Our duty to pray for the dead
What can help them the most is offering the holy sacrifice of Mass, because Christ is the only Savior. However, “through Him, with Him and in Him” we can offer prayers and sacrifices; our own, but also the prayers and sacrifices of all the other members of the Church. Hence the very ancient practice of indulgences. In fact, the Church considers that it has received from the Lord the power to draw from the treasury of all the merits of the saints in order to spread their goodness over all those who humbly accept to receive them. Jesus promised Peter: “Whatever you bind on earth will be bound in heaven” (Matthew 16:19).
I do three things when I recite an indulgent prayer. I recognize that I must still detach myself from everything that prevents me from rising totally to God.

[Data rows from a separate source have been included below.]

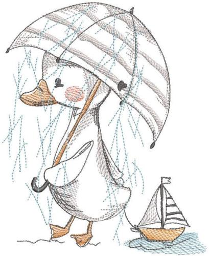 Bring a smile to your stitching projects with this cute duckling walking under an umbrella! The delicate sketch-style lines and soft pastel colors make this embroidery design perfect for children’s accessories, tote bags, or nursery decor. The little boat adds a whimsical touch of storytelling charm.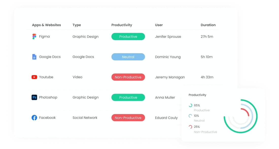 Gain insights into team members' activities, including applications opened, websites visited, and periods of inactivity, ensuring accountability and productivity.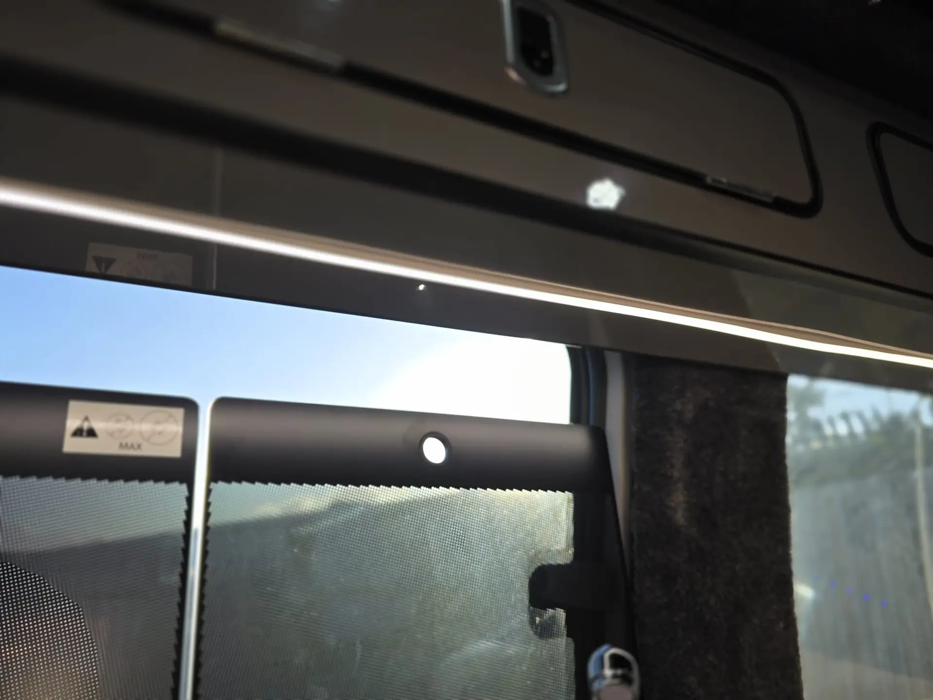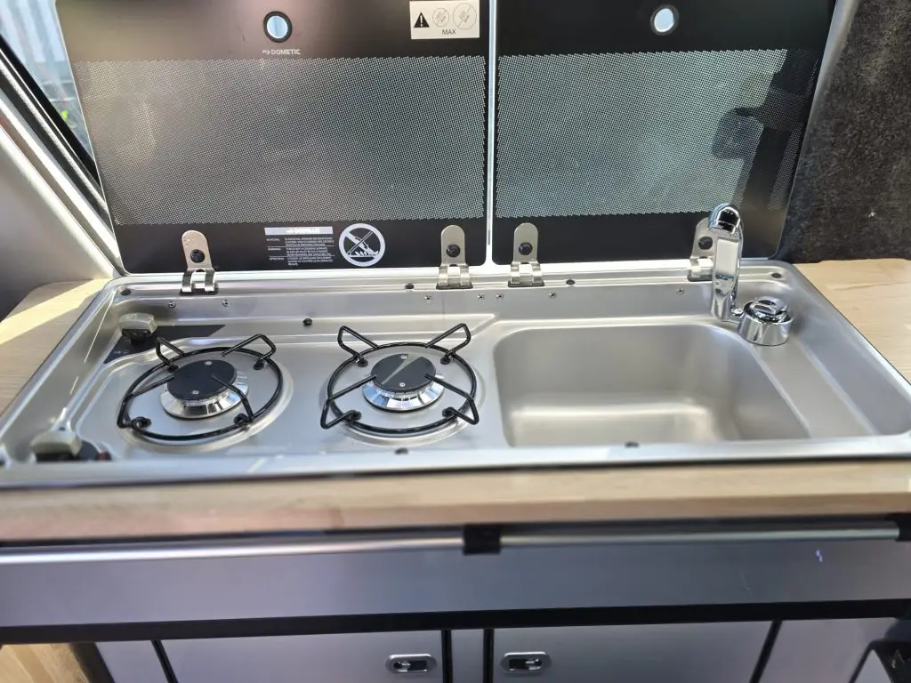 Lighting is fully upgraded. You get interior LEDs, strip lighting under the sink, strip lighting in the roof locker, main roof lights and rear reading lamps. The pop top has its own lighting, too. The fabric sides can be unzipped to let in fresh air and daylight. Door cards have been retrimmed, which adds warmth and comfort to the cabin.

I recognize the solidarity that connects all the members of the Church: “In the Church, each one carries the other and all are carried by Him,” said St. Gregory the Great. Finally, I recognize that the Church has received from the Lord the power to draw on this spiritual treasure in order to distribute it to all those who wish to benefit from it.
The Curé of Ars would often cite the duty to pray for one’s deceased relatives: “If the Good God allowed them to show themselves, we would see them throwing themselves at our feet: ‘Oh, children, have mercy on us!’ the poor souls would say. They would ask for a prayer, a Mass.” But he also said: “If we knew how many graces we could obtain through the souls in purgatory, they would not be so forgotten.”